Adversarial Training is a proven defense strategy against adversarial malware. However, generating adversarial malware samples for this type of training presents a challenge because the resulting adversarial malware needs to remain evasive and functional. This work proposes an attack framework, EGAN, to address this limitation. EGAN leverages an Evolution Strategy and Generative Adversarial Network to select a sequence of attack actions that can mutate a Ransomware file while preserving its original functionality. We tested this framework on popular AI-powered commercial antivirus systems listed on VirusTotal and demonstrated that our framework is capable of bypassing the majority of these systems. Moreover, we evaluated whether the EGAN attack framework can evade other commercial non-AI antivirus solutions. Our results indicate that the adversarial ransomware generated can increase the probability of evading some of them.
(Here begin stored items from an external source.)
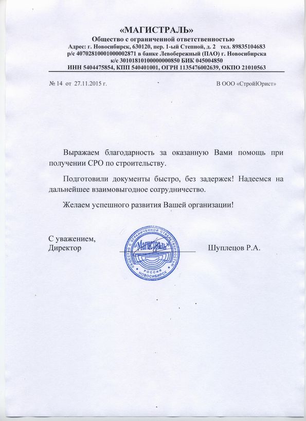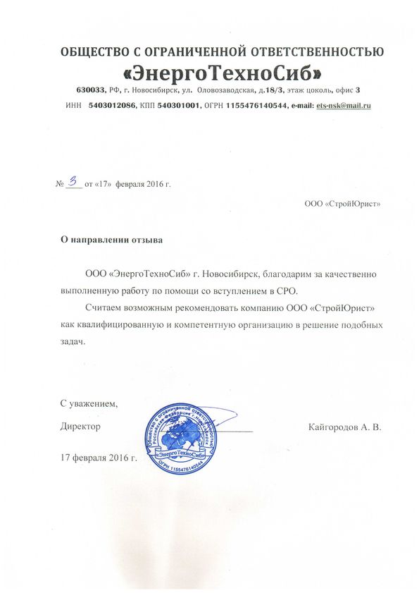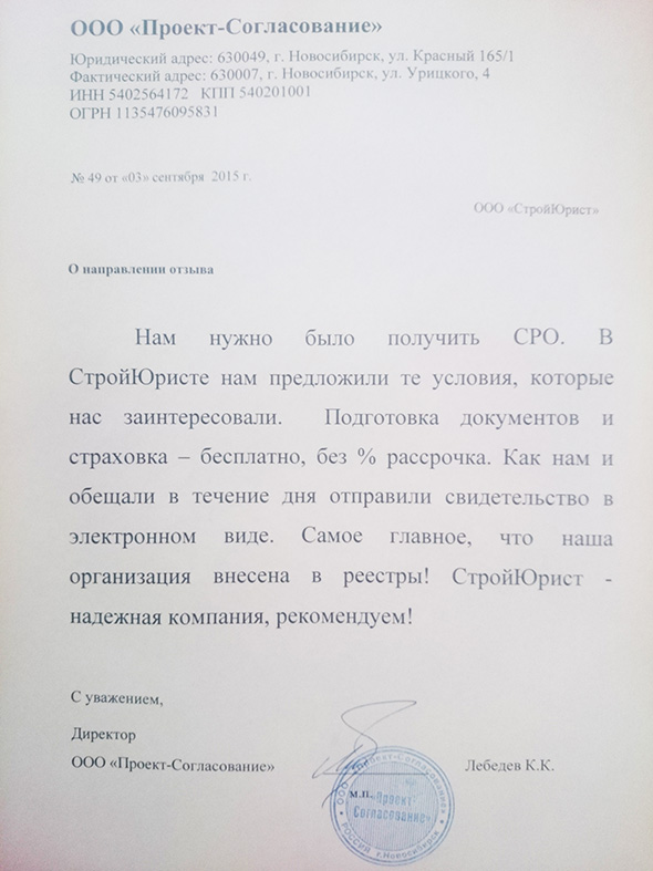 Отзывы клиентов "СтройЮрист" по вступлению в СРО в Бийске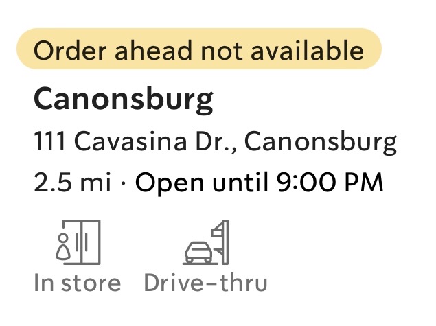 Read moreProbably one of the worst Starbucks I've been too in the Pittsburgh area. We went on a Saturday around 3pm and we ordered inside. Nothing bad to say about service, in fact they were all very kind and professional but the waiting was the longest I've ever experienced. Sure the drive thru was busy but I've been to busier ones and we didn't have to wait 15 minutes for a nitro coffee and cappuccino and a Danish. The place seemed neglected and not inviting at all, as if the tables and chairs were an afterthought. The food was displayed packed in clear plastic bags and the Danish was soggy. If you are looking for a drive thru I'd say it's ok but expect a wait. If you want to enjoy your coffee sitting inside or maybe work there I'd choose another location because this one is kind...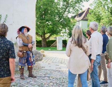 Was machte eine Festung aus? Welche Waffen wurden zur Verteidigung genutzt? Wie schützten sich die Bürger der Stadt? Ein Landsknecht/ eine Marketenderin erzählen aus ihrem Leben auf der Burg, über Kriege, Waffen und Soldatenleben.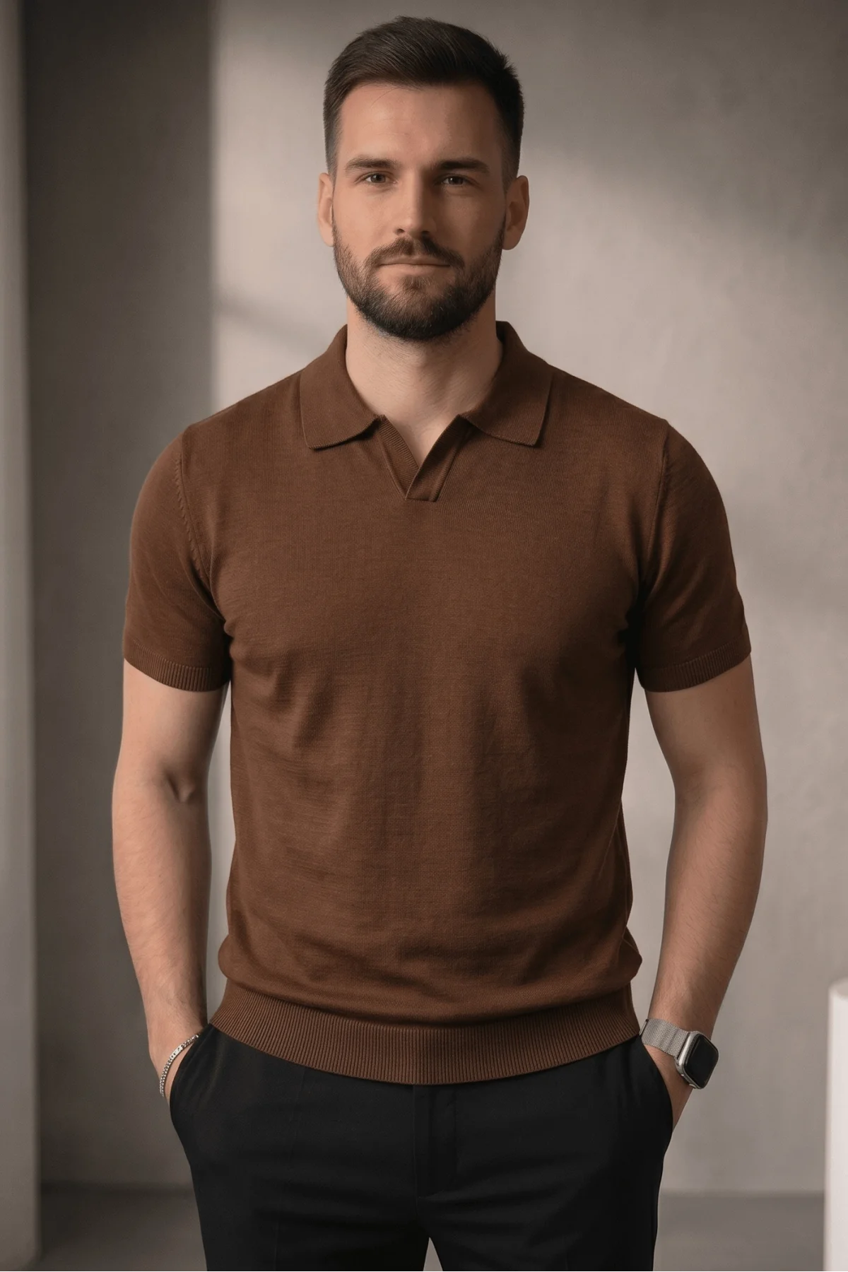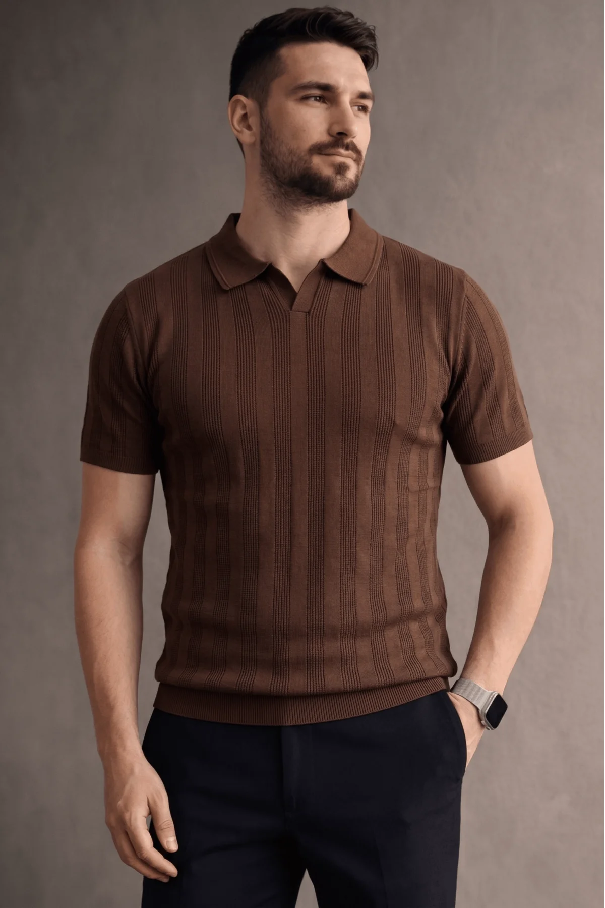 Erkek Açık Yaka Triko Tişört Kahverengi Cd103
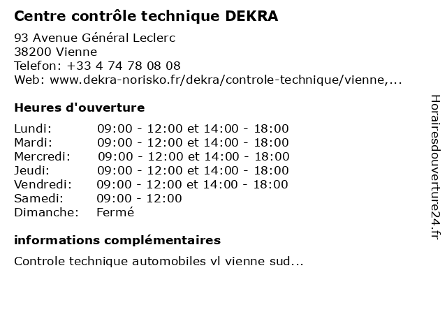 Description de l'entreprise :Préparer votre contrôle techniquePour préparer votre contrôle technique dans notre centre DEKRA de Vienne, vous pouvez vérifier en amont différents points comme les pneumatiques, la visibilité, le niveau d'huile ou encore l'habitacle. Pour tout savoir, consultez notre vidéo. Voir l'offre |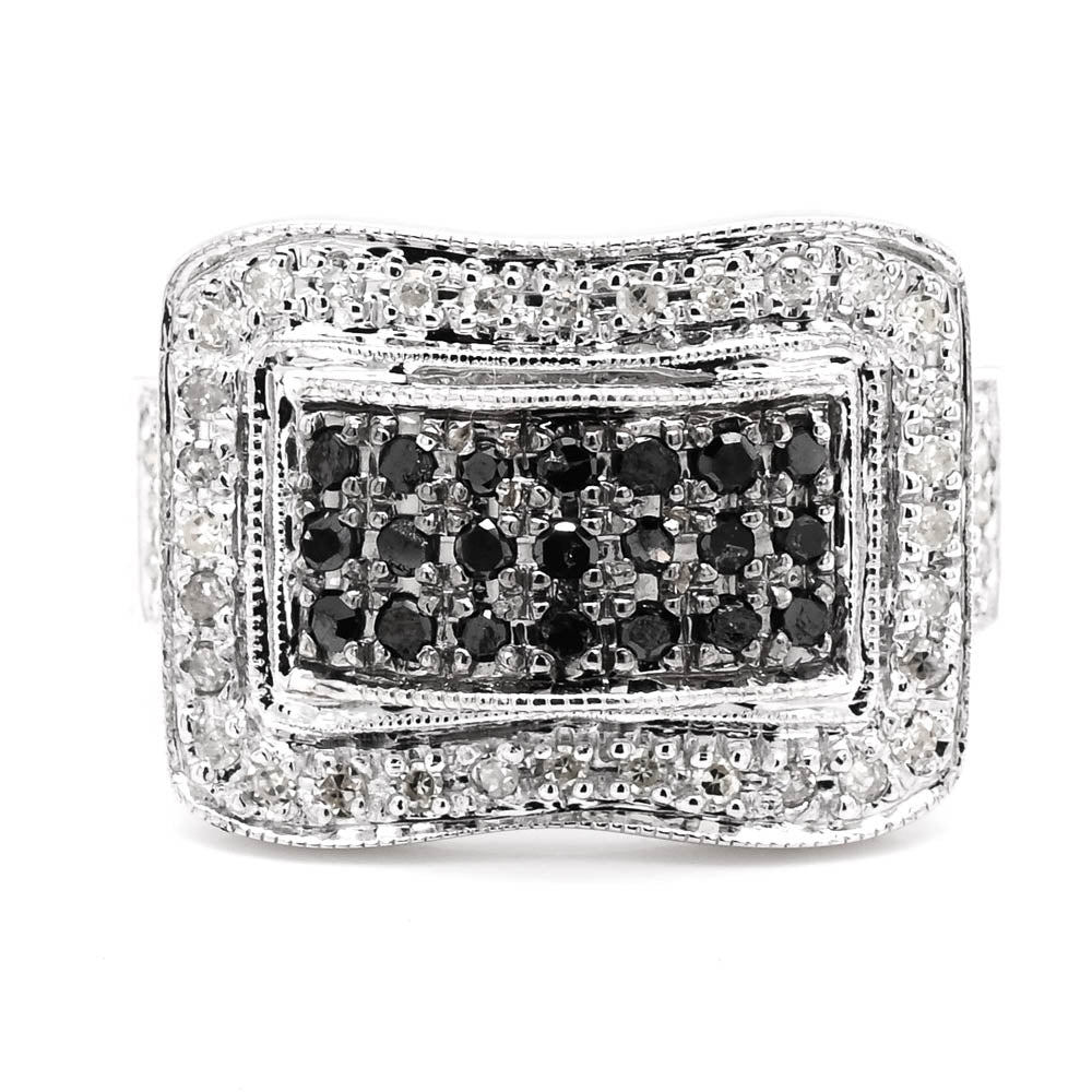 14KT White Gold Black & White Diamond Pave Set Celebration Ring.

翻译：摘要：对抗训练是一种已被验证的针对对抗性恶意软件的防御策略。然而，生成用于此类训练的对抗性恶意软件样本仍是一项挑战，因为生成的对抗性恶意软件需要同时保持规避性和功能性。本研究提出了一种攻击框架EGAN以解决这一局限性。EGAN利用进化策略和生成对抗网络来选择一系列攻击动作，从而在保留勒索软件原始功能的同时对其文件进行变异。我们在VirusTotal平台上列出的主流AI驱动商业防病毒系统上测试了该框架，结果表明该框架能够绕过其中绝大多数系统。此外，我们还评估了EGAN攻击框架能否规避其他非AI商业防病毒解决方案。实验结果显示，生成的对抗性勒索软件能够提高对其中部分系统的规避概率。